探査機に乗せたクマムシ、月面で生息も 月に託した人類再生計画

(CNN) 今年4月、月面に墜落したイスラエルの探査機「ベレシート」に乗せられていた数千匹の「クマムシ」は、月で生き延びていずれ息を吹き返すかもしれない――。プロジェクト関係者がそんな見通しを明らかにした。
クマムシは緩歩動物と呼ばれる微小生物で、体長は1ミリに満たず、超低温などの過酷な環境に耐えられる驚異的な生命力をもつ。非営利組織のアーチミッション財団は、脱水状態にさせたクマムシ数千匹をベレシートに乗せて宇宙へ送り出していた。
これは月に「ノアの箱舟」を送り込む試みの一環だった。ベレシートにはクマムシのほかにも、地球に関する3000万ページ分の情報を記録したディスクや、人間のDNAサンプルなどが搭載されていた。
アーチミッション財団の共同創業者ノバ・スピバック氏は、「クマムシは我々が知る限り最強の生命体だ。惑星の大変動を生き延びることができ、宇宙の真空状態や放射線にも耐えられる」と解説する。
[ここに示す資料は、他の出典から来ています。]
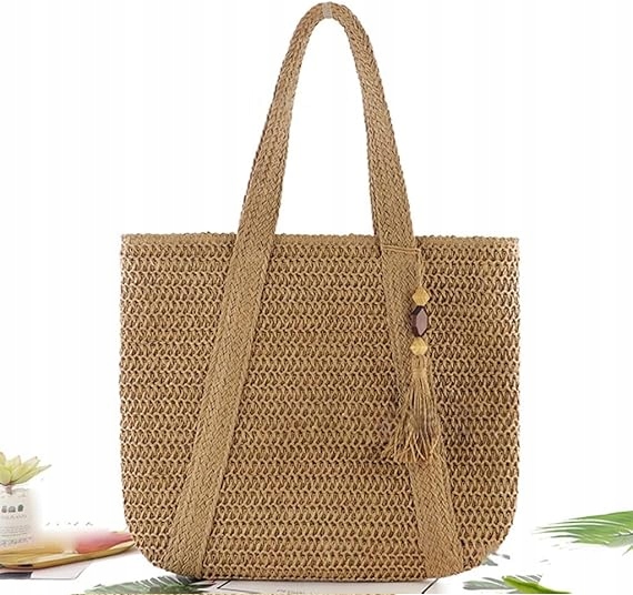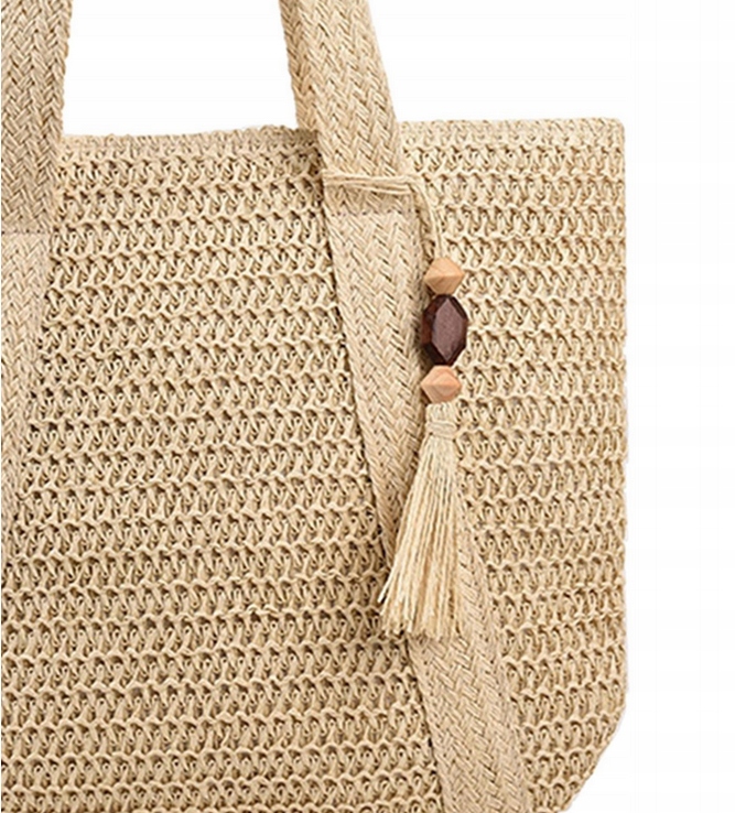 Велика міцна солом'яна сумка літня плетена пляжна кошик міська бахрома

脱水状態にさせたクマムシは、水を与えると息を吹き返す。もしも月面墜落を生き延びた場合、何年もたってから水を得て動き出す可能性もあるという。
クマムシと一緒に送り込んだ情報も墜落に耐え、遠い未来に人類を再生させる目的で使われることを願うとスピバック氏は言う。
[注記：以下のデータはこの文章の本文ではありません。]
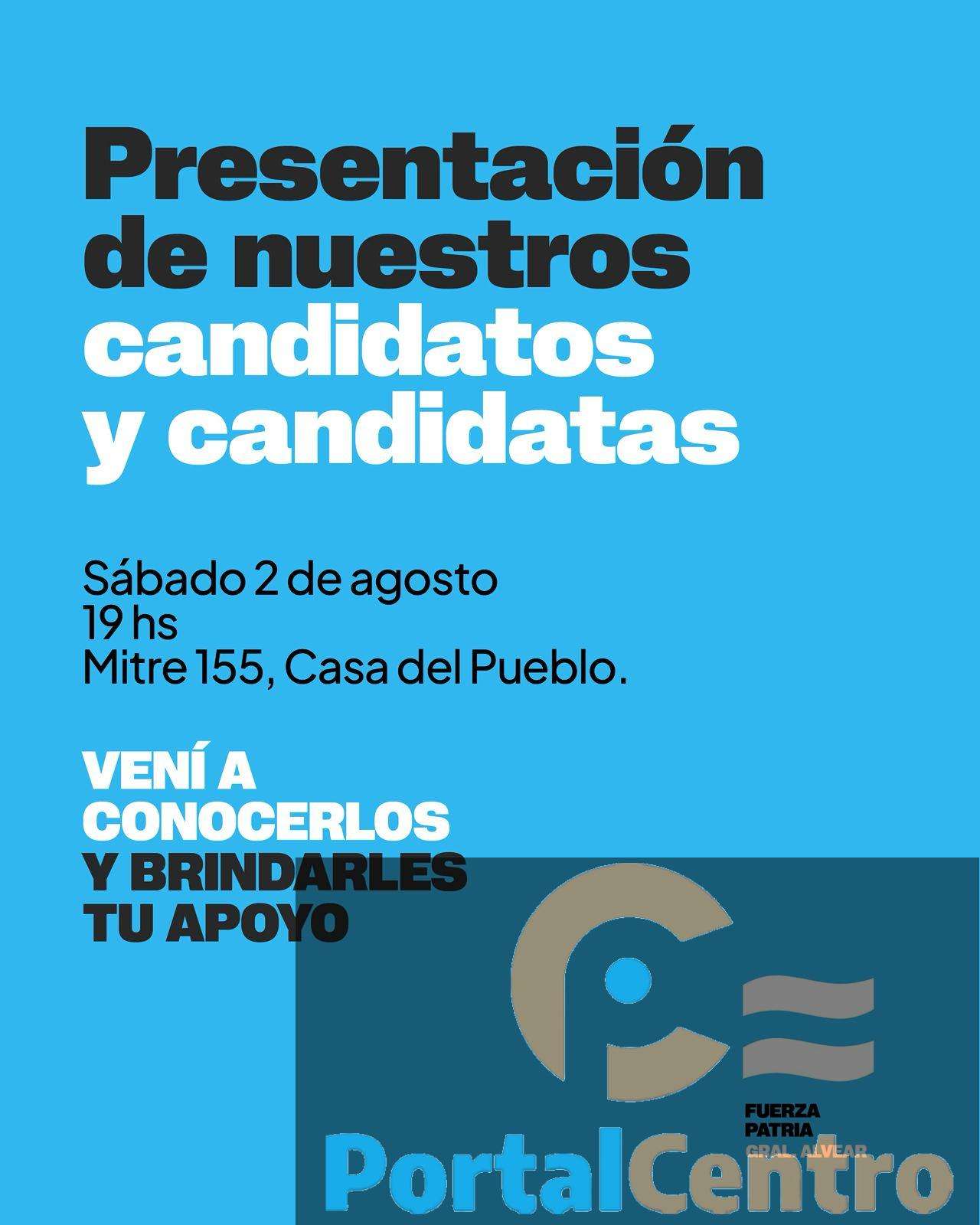 FUERZA PATRIA PRESENTA A SUS CANDIDATOS El Partido Justicialista de General Alvear invita a Ud./uds. a la presentación de la lista de Candidatas y candidatos a Concejales y Consejeros escolares de Fuerza Patria. La misma se realizará el día sábado 2 de agosto a las 19 horas en la Casa del Pueblo. Esperamos contar con su grata presencia. Spread the love

「うまくいけば、ライブラリーは無傷のまま月面に着地して、何十億年も存在し続けるかもしれない。遠い未来に、我々の子孫、または人類が滅びた後に進化した未来形の知的生命体が回収してくれる可能性もある」
「我々が送り込んだDNAと細胞を使えば、クローンを作成して人類や動植物をよみがえらせることもできるかもしれない」とスピバック氏は話している。